笑い、そして泣いた2試合だった。今季6月のツアー選手権森ビル杯で初優勝を飾った市原弘大(フリー)。開幕時点では日本のシードも持っていなかった36歳は、この1勝で2つの大舞台への切符をつかんだ。

 2年ぶり3度目となる7月の全英オープン(カーヌスティ・リンクス)。いきなり大変だった。過去2度悩まされたロストバゲージを免れたと思ったら、目的を伝えた入国審査で怪しまれた。「君は本当に全英オープンに出るのか?」。持っていたエントリー関連の書類を見せると、ようやく信じてもらえた。そんなひと幕も「オーラがないから仕方ない」と言って笑い飛ばす。大会は第1日の78が響いて通算8オーバーの118位で予選落ち。「飛距離という面ではすごく差があると思うけど、それ以外の部分、方向性だったり、戦えなくもないところもあった。やりようはある。まだまだ自分でうまくなれるかなって思いもある。頑張りたい」と、やはり笑顔で出直しを誓った。

 英国から世界ジュニアに出場した高校生の時以来という米国へ直接飛び、中1週で初出場した世界選手権シリーズのブリヂストン招待(オハイオ州)。54ホールを終えて71人中71位。最下位で迎えた最終日は早朝スタートの第1組を1人で回った。初アンダーパーとなる「68」をマーク。「こんなスコアでもいいショットには拍手をくれるし、途中からは何人か子どもたちがついてきてくれた」と69位フィニッシュにも現地のギャラリーは温かかった。

 「やっぱり、終わるとダメだ…」。トレードマークの笑顔を絶やさなかった4日間を戦い抜くと、涙があふれた。開幕前日、ジュニア時代に指導を受けた千葉晃氏(享年73)の訃報に接していた。幼少期、雑誌でジュニアレッスン連載をしていた千葉氏にゴルフの手ほどきを受けた。最後に顔を合わせたのは、ツアー選手権の優勝報告をするために入院先の病院を訪問した時だった。「覚悟はできていたんですけど、いざ亡くなってみると…。1人で回っていると、何か(千葉氏と)一緒にいるような、見てくれているんじゃないかなって思ったりした。そういう思いがあったから、こういうスコアでも最後までしっかり頑張れた」と神妙に言った。

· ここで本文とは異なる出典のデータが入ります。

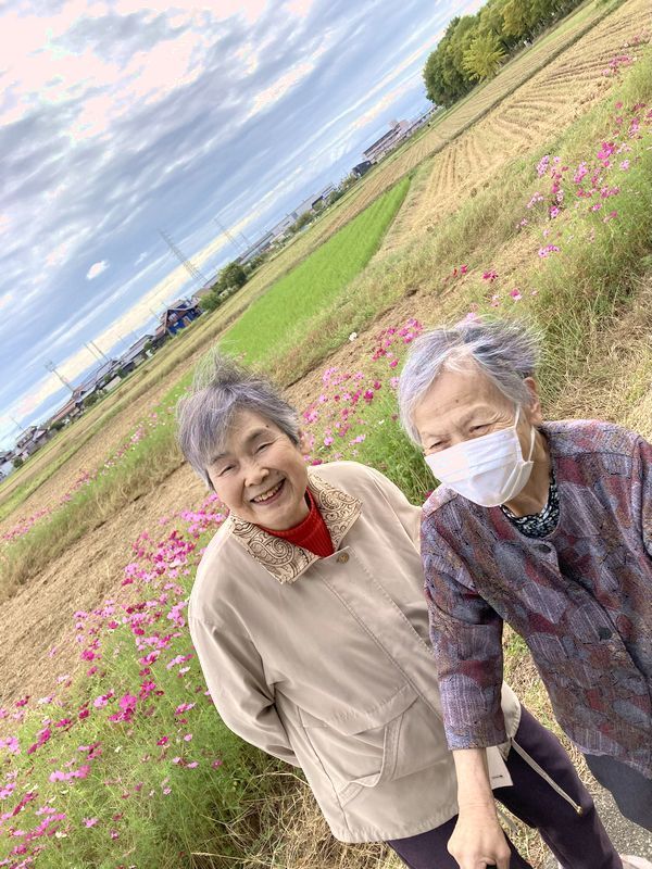 現地ではベンチでゆっくりお茶やお菓子を食べたり、コスモスを見たり公園を散策したり、犬の散歩や赤ちゃん連れの方、お子さん連れなどたくさんの方とお話したりとても楽しく過ごすことができました。

 かつてはアジアツアーを中心に海外を積極的に転戦。「増刷した10年用パスポートの中身も、9割方アジアの(出入国)スタンプで、ごくまれにヨーロッパ。何か、ヤバイ仕事みたいですよね」と冗談めかす。5年シードを得た今、再び目を向けている。「アジアのシードをもう1度取って、そこからヨーロッパとのジョイント(共催大会)に出て、(世界選手権シリーズの)HSBCとかマレーシアの(米ツアー)CIMBとかに出るチャンスをつかんで…。地道に、順を追って、目標をぶらすことなくやりたい」。状況次第では、アジアツアーのクオリファイングトーナメント(QT)を受けることも考えているという。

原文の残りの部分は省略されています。